I Question about one electron hydrogen atom angular moment

1. Dec 8, 2018

Rafael

Hi, I'm having trouble understanding angular moment of the one electron hydrogen atom.

Solving Schrodinger equation on a referece system (say S) I get the energy eigenstates. They depend on three quantum numbers, n, l, m

$$\frac{-ħ}{2 m}\nabla^{2} \Psi - \frac{e^{2}}{4 \pi \epsilon r} \Psi = E\Psi → \Psi_{nlm}$$

n measures energy, l measures L2 and m measures Lz.

$$L_z = mħ$$
$$L^{2} = l(l+1)ħ^{2}$$

From what I understand, Lz is quantized, but Lx and Ly not. So if the electron is in state Ψnml or whatever superposition of the energy eigenstates, it has Lz quantized.

This is when my question arises, if I use another referece system (say S') which is rotated with respect S, and I solve Schrodinger equation again, I get another set of energy eigenstates Ψn'm'l'which have Lz' quantized. But this is nosense because I can choose that the axis z' to be the old axis x, which have not Lx quantized.

What I am missing?
How does the two solutions (on S and S') compare?

2. Dec 8, 2018

Paul Colby

Well, the set S' are linear combinations of the S and visa versa. They form a $2l+1$ dimensional representation of the rotation group.

3. Dec 9, 2018

king vitamin

This is not true, those operators are also quantized. However, if you choose a basis where the Lz operator is diagonal, the Lx and Ly will not be diagonal. Their eigenvalues are discrete, but the Lz eigenstates are superpositions of Lx/Ly eigenstates. Also, note that the different Lz states which share the same L^2 eigenvalue are all degenerate, and similarly, these non-diagonal Lx and Ly states will also be degenerate. You can always switch to a basis where these other states are diagonal (and then Lz will not be diagonal).

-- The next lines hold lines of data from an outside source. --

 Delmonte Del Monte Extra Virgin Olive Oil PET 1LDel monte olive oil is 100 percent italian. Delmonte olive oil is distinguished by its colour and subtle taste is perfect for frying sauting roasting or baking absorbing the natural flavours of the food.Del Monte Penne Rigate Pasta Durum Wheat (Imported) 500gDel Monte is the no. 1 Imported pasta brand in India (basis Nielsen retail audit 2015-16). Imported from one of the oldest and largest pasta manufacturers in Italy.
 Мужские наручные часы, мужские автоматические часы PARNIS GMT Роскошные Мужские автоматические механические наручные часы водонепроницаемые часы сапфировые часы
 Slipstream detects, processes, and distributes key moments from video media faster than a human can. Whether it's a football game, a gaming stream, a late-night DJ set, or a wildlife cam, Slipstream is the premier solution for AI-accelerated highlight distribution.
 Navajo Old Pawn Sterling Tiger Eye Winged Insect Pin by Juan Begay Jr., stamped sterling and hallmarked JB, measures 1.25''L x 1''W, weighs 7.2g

What you are looking for are the Wigner D-matrices: https://en.wikipedia.org/wiki/Wigner_D-matrix. This rotates the basis between different choices of which direction is diagonal.

One last comment:
I want to mention that in a general problem with conserved angular momentum, the energy depends on both n and l, which also results in less degeneracy (but all states with the same l would still have the same energy). The Hydrogen atom is special in that the energy doesn't depend on l (this is related to some extra symmetry for 1/r potentials which is not present in general).

4. Dec 9, 2018

PeroK

Note that these z-based eigenstates simply form a complete basis for all possible solutions. There is actually nothing special about the chosen z-axis. If you choose the x-axis instead of the z-axis, then you'd get a rotated set of basis eigenstates. And, any state of the hydrogen atom could be described as a combination of your $\psi_{nlm}$ states (using the z-axis) or your $\psi'_{nlm}$ states (using the x-axis).

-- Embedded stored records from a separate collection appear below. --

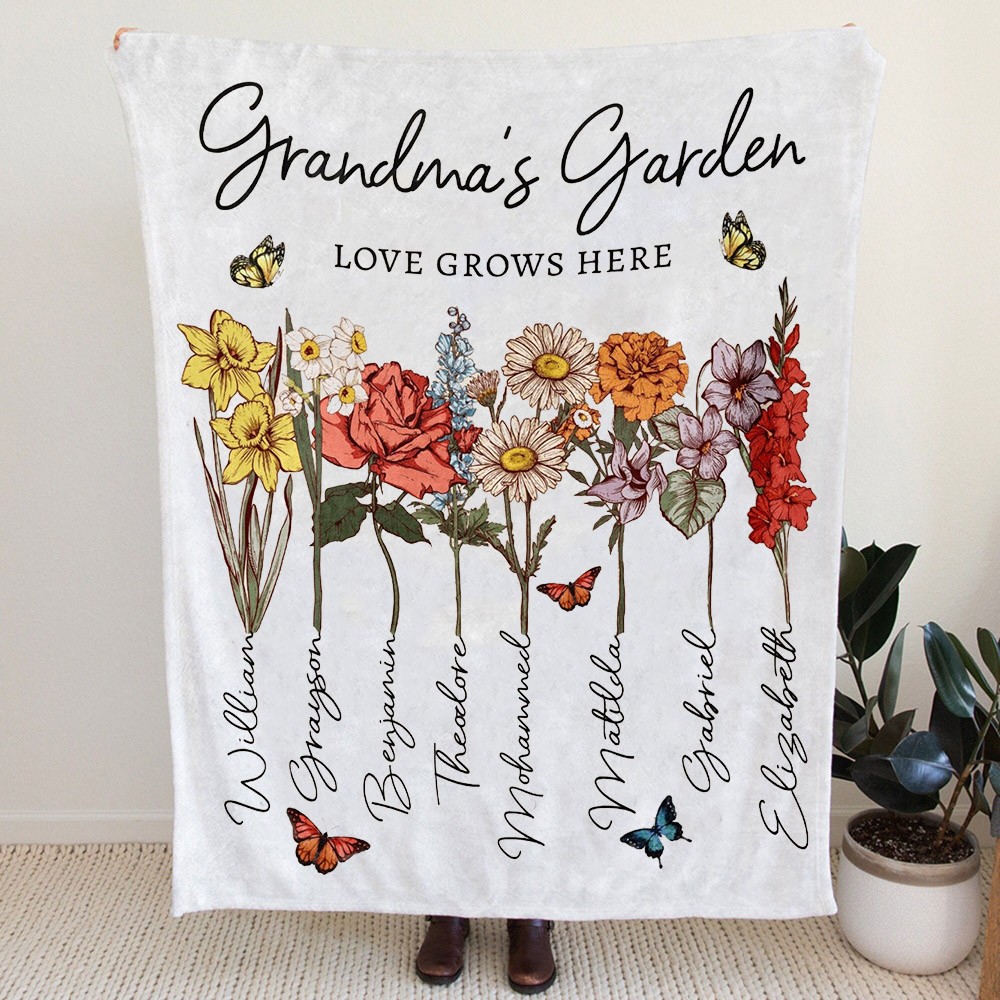 Custom Grandma's Garden Love Grows Here Birth Flower Blanket Gift For Mum Grandma Christmas Gift Ideas
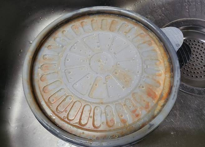 음식물 국물이나 기름기를 물로 가볍게 헹궈냅니다.
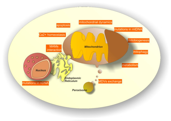 Mitochondrial dependent mechanisms in neurodegeneration. Mitochondria contribute to neurodegeneration by several mechanisms, including alterations in calcium homeostasis, mitochondrial biogenesis (mitobiogenesis), mitochondrial dynamics, metabolism and mitophagy. Moreover, mutations in mitochondrial DNA (mtDNA) and inappropriate activation of apoptosis can be alternative mechanisms. Finally, additional systems include mutations in nuclear DNA (nDNA) at the level of genes encoding for mitochondrial proteins, the compromised exchange of mitochondria-derived vesicles (MDVs) among mitochondria and peroxisomes and the inefficient interaction among mitochondria and the endoplasmic reticulum at the level of mitochondrial associated membranes (MAMs).
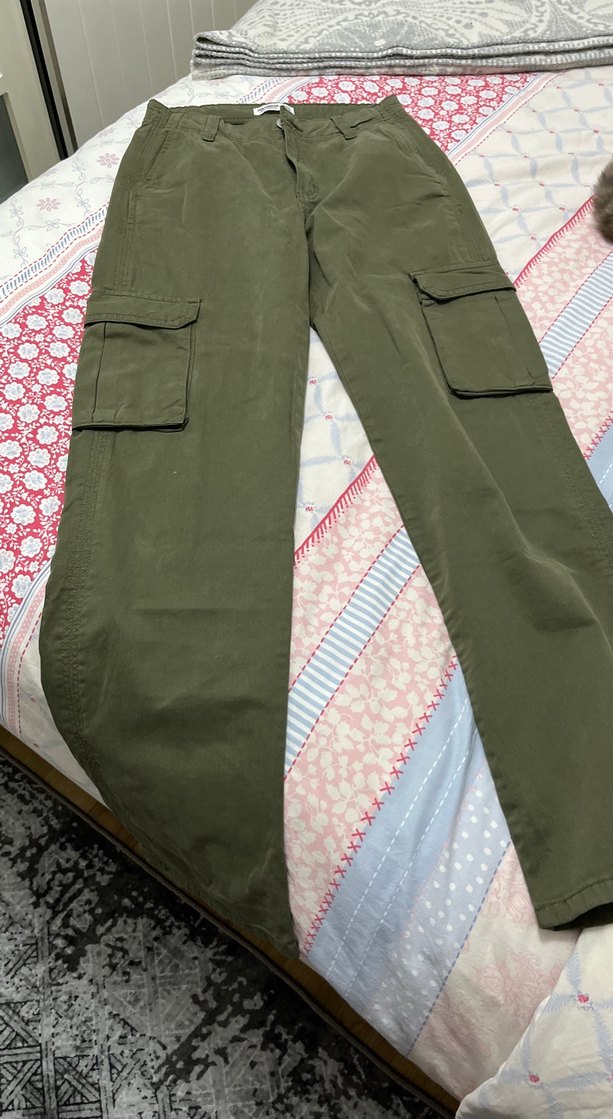 Kadın Haki Kamuflaj Kemerli Rahat Pantolon
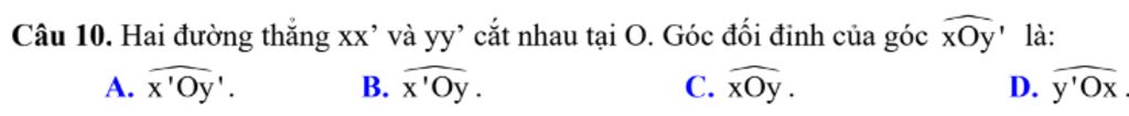 `-`Góc đổi đỉnh với `hat(xOy')` là `hat(x'Oy)`(Vì `2` góc này không chung `1` đoạn thẳng)

These eigenstates do not represent "the only states that the hydrogen atom can have" - that would be a misinterpretation. Choosing the z-axis simply gives you a particular basis with which to describe all possible states.

Note also that the expected value of $L_x, L_y, L_z$ is not quantized. For a given state the expected value can be anything between $\pm \frac{\hbar}{2}$.